(Saved data entries)

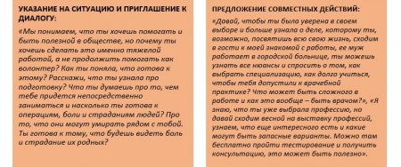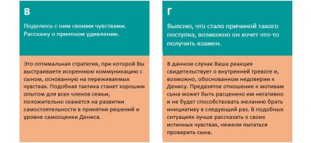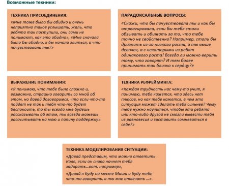 Психологическая работа должна быть направлена на прояснение мотивов выбора. Задача психолога – строить беседу таким образом, чтобы родители видели качественные различия между каждой из приведенных реакций. Для этого используются открытые (развивающие) вопросы, направленные на раскрытие актуального эмоционального состояния родителя:
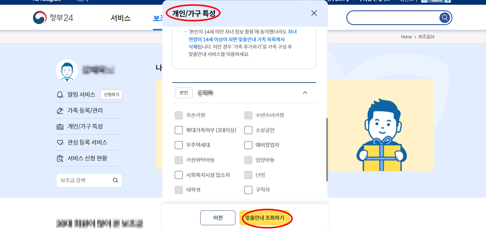 - 개인/가구 특성을 체크하는 칸이 나옵니다. 간단히 체크해주고 맞춤안내 조회하기를 누릅니다.
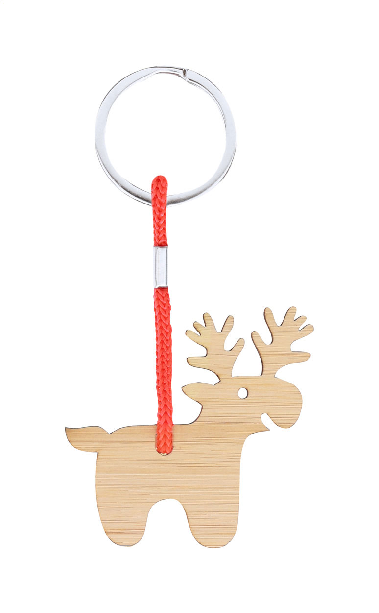 Bambusz rétegelt lemez karácsonyi kulcstartó piros zsinórral és fém karikával.
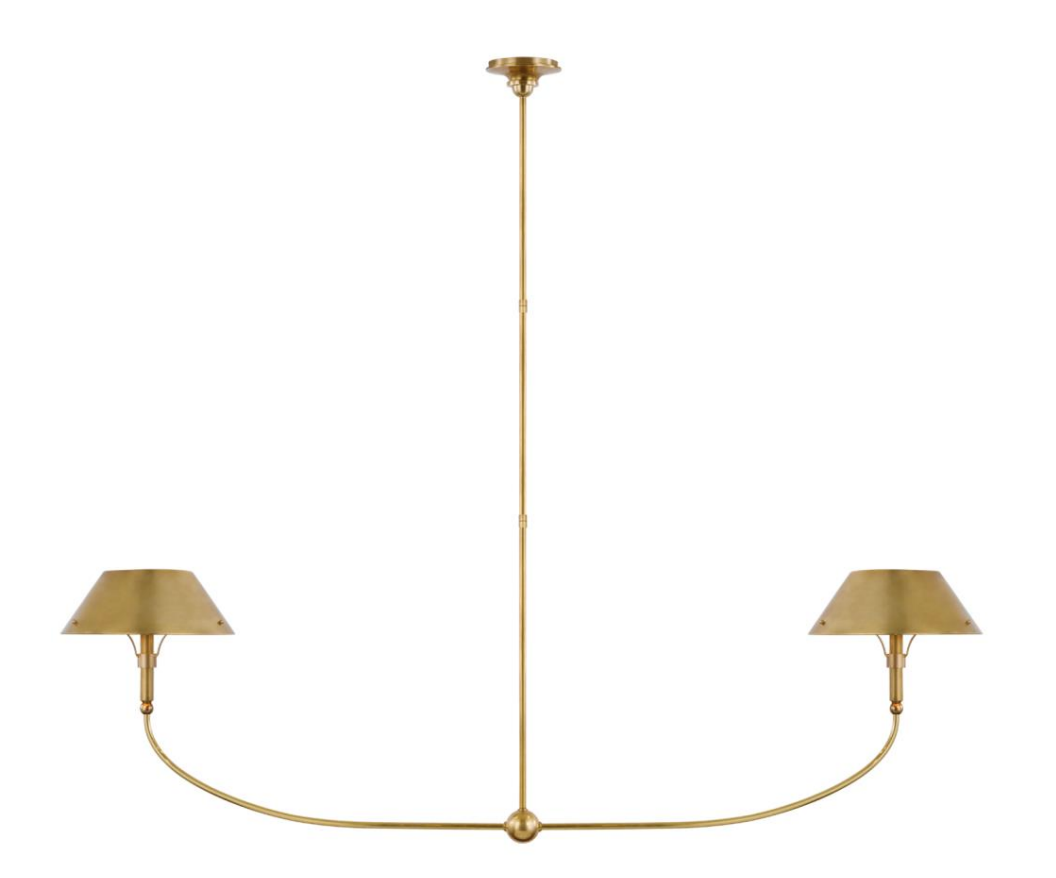 • Thomas O'Brien's Turlington XL pendant lamp by Visual Comfort in an antique brass finish. Its arms curve in a streamlined, sculptural shape.
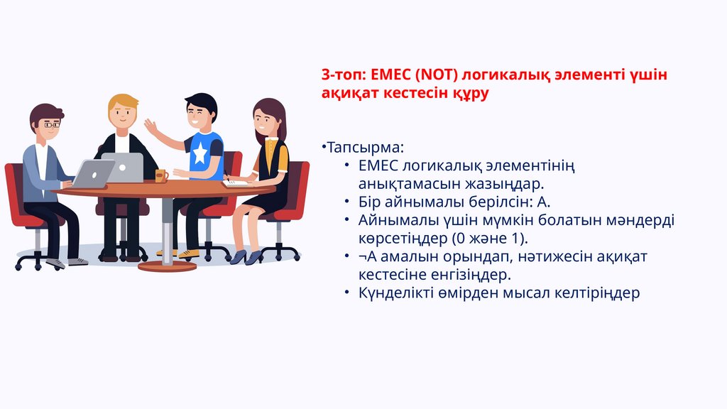 3-топ: ЕМЕС (NOT) логикалық элементі үшінақиқат кестесін құру
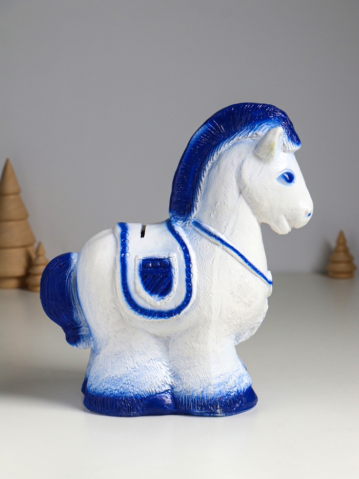 Эта бело-голубая гипсовая копилка в виде лошади станет не просто украшением интерьера, но и верным помощником в достижении ваших финансовых целей. Изящная фигурка пони, выполненная в спокойных пастельных тонах, привнесёт в дом атмосферу спокойствия и гармонии, напоминая о мудрой привычке откладывать на важные мечты.
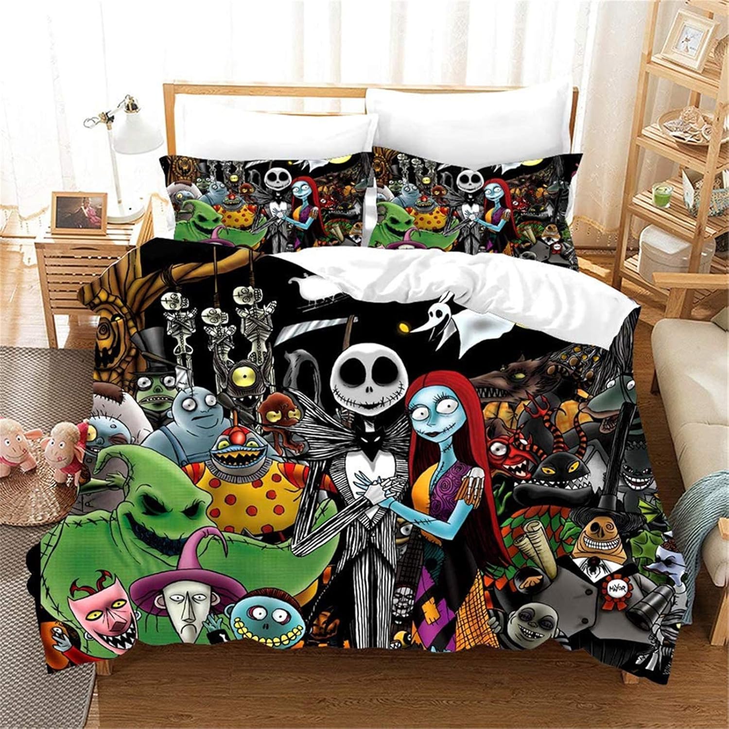 Nightmare Before Christmas Anime Skull Bedding Set 3 Pieces Halloween
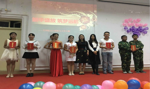 本次大赛集舞蹈、歌曲、乐器独奏等多种艺术形式于一体,内容丰富,精彩不断。随着开场舞的激情上映,大赛正式拉开了帷幕。歌曲《春暖花开》,旋律曼妙,柔情满溢,表达了对同学们的勉励之情,并希望他们能够热爱生活、温暖人间。二胡独奏《奔驰在千里草地上》和古筝独奏《战台风》,尽显古色古韵,演员们用婉转的节奏和饱满的感情,再现了曲子的内涵和场景。朗诵《我的南方和北方》,语调抑扬顿挫,感情真挚饱满,自然流露出对故乡、祖国深沉的爱,具有较强的影响力和感召力,直接把晚会的气氛推向高潮。小品《一根头发》,诙谐幽默,表现力强,让同学们在欢声笑语中,细细品味爱和温情,赢得了阵阵掌声,受到了师生的广泛好评。大赛步入尾声的同时,各代表人员已通过公开、公正的投票,评出了不同级别的获奖节目,李晓云、许霏老师上台为选手颁奖,并合影留念。

→ **What the task asks**
Print all of the data exactly, and do not carry over any pictures.

→ **Response to this task**
 Психологическая работа должна быть направлена на прояснение мотивов выбора. Задача психолога – строить беседу таким образом, чтобы родители видели качественные различия между каждой из приведенных реакций. Для этого используются открытые (развивающие) вопросы, направленные на раскрытие актуального эмоционального состояния родителя:
 - 개인/가구 특성을 체크하는 칸이 나옵니다. 간단히 체크해주고 맞춤안내 조회하기를 누릅니다.
 Bambusz rétegelt lemez karácsonyi kulcstartó piros zsinórral és fém karikával.
 • Thomas O'Brien's Turlington XL pendant lamp by Visual Comfort in an antique brass finish. Its arms curve in a streamlined, sculptural shape.
 3-топ: ЕМЕС (NOT) логикалық элементі үшінақиқат кестесін құру
 Эта бело-голубая гипсовая копилка в виде лошади станет не просто украшением интерьера, но и верным помощником в достижении ваших финансовых целей. Изящная фигурка пони, выполненная в спокойных пастельных тонах, привнесёт в дом атмосферу спокойствия и гармонии, напоминая о мудрой привычке откладывать на важные мечты.
 Nightmare Before Christmas Anime Skull Bedding Set 3 Pieces Halloween
 本次大赛集舞蹈、歌曲、乐器独奏等多种艺术形式于一体,内容丰富,精彩不断。随着开场舞的激情上映,大赛正式拉开了帷幕。歌曲《春暖花开》,旋律曼妙,柔情满溢,表达了对同学们的勉励之情,并希望他们能够热爱生活、温暖人间。二胡独奏《奔驰在千里草地上》和古筝独奏《战台风》,尽显古色古韵,演员们用婉转的节奏和饱满的感情,再现了曲子的内涵和场景。朗诵《我的南方和北方》,语调抑扬顿挫,感情真挚饱满,自然流露出对故乡、祖国深沉的爱,具有较强的影响力和感召力,直接把晚会的气氛推向高潮。小品《一根头发》,诙谐幽默,表现力强,让同学们在欢声笑语中,细细品味爱和温情,赢得了阵阵掌声,受到了师生的广泛好评。大赛步入尾声的同时,各代表人员已通过公开、公正的投票,评出了不同级别的获奖节目,李晓云、许霏老师上台为选手颁奖,并合影留念。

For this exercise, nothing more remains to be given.